The islands are home to several species of mosaic-tailed rats (Melomys). In the Tanimbar islands, Melomys cooperae is endemic to Yamdena, and the Riama mosaic-tailed rat (Melomys howi) is endemic to the island of Selaru in the Tanimbar Islands. Bannister's rat (Melomys bannisteri) is endemic to the Kai Islands, and closely related to M. lutillus of New Guinea. The other rodents of the Kai islands are Hydromys chrysogaster and Uromys caudimaculatus, which are also found in New Guinea and Australia.

The ecoregion is home to 225 bird species, including 21 endemic species and subspecies. It corresponds to the Banda Sea Islands endemic bird area.
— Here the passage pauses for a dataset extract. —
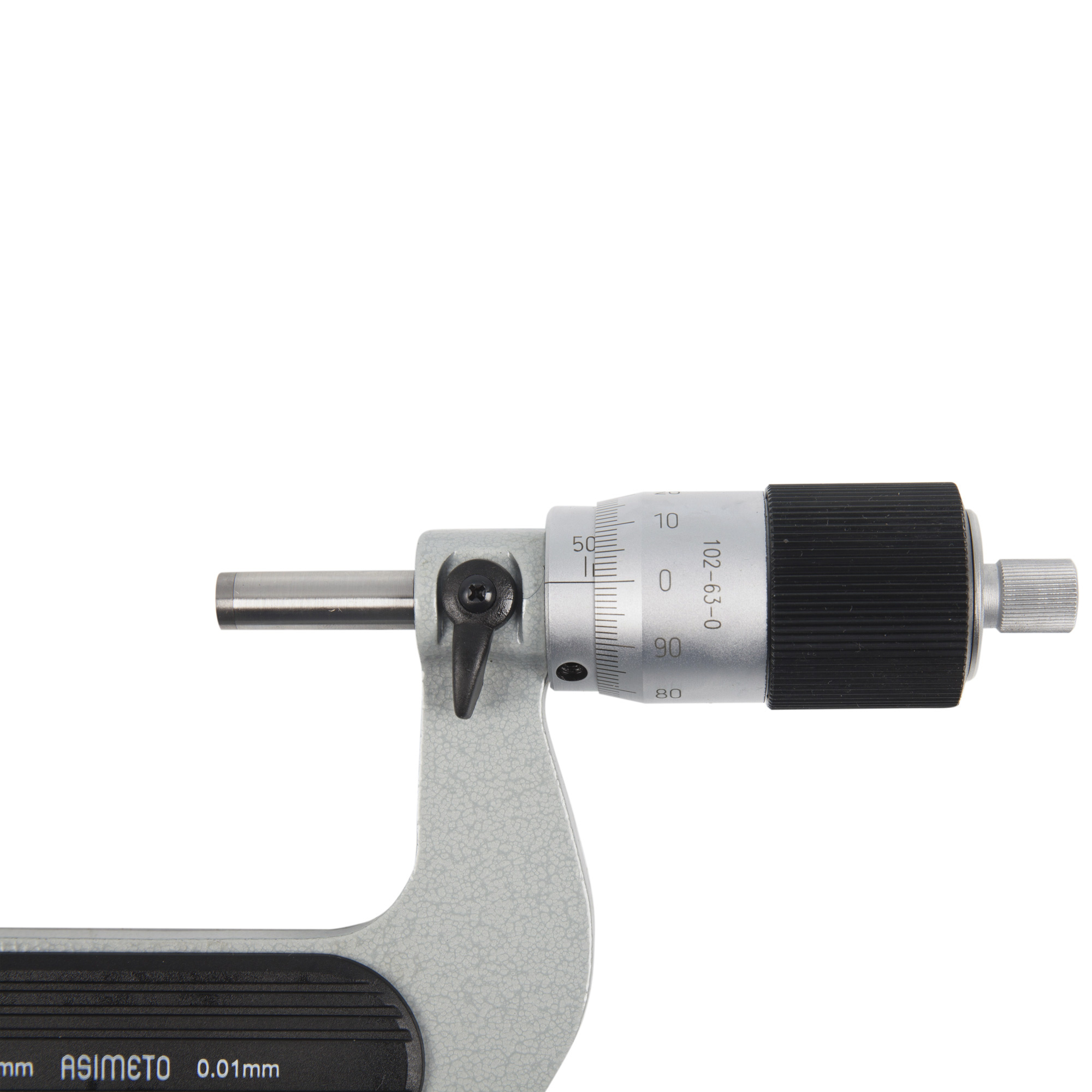 Микрометр гладкий механический для наружных измерений с трещоточным барабаном Asimeto 102-63-0 - универсальный прибор для измерений линейных размеров абсолютным или относительным контактным методом с низкой погрешностью в области малых размеров. Преобразовательным механизмом является микропара “винт - гайка”.

Endemic birds include the Tanimbar megapode (Megapodius tenimberensis, Megapodiidae),
Tanimbar cockatoo (Cacatua goffiniana, Cacatuidae), blue-streaked lory (Eos reticulata, Psittaculidae), green-cheeked bronze cuckoo (Chrysococcyx minutillus rufomerus, Cuculidae), Kai coucal (Centropus spilopterus, Cuculidae), Banda myzomela (Myzomela boiei, Meliphagidae), golden-bellied flyrobin, (Microeca hemixantha, Petroicidae), Wallacean whistler (Pachycephala arctitorquis, Pachycephalidae), cinnamon-tailed fantail (Rhipidura fuscorufa, Rhipiduridae), long-tailed fantail (Rhipidura opistherythra, Rhipiduridae), black-bibbed monarch (Symposiachrus mundus, Monarchidae), Kai monarch (Symposiachrus leucurus, Monarchidae), Kai cuckoo-shrike (Edolisoma dispar, Campephagidae), slaty-backed thrush (Geokichla schistacea, Turdidae), fawn-breasted thrush (Zoothera machiki, Turdidae), Tanimbar starling (Aplonis crassa, Sturnidae), Damar flycatcher (Ficedula henrici, Muscicapidae), Great Kai white-eye (Zosterops grayi, Zosteropidae), Little Kai white-eye (Zosterops uropygialis, Zosteropidae), and Tanimbar bush-warbler (Horornis carolinae, Cettiidae).

== Protected areas ==
A 2017 assessment found that 987 km2, 14% of the ecoregion, is in protected areas. Protected areas include Kai Besar Nature Reserve.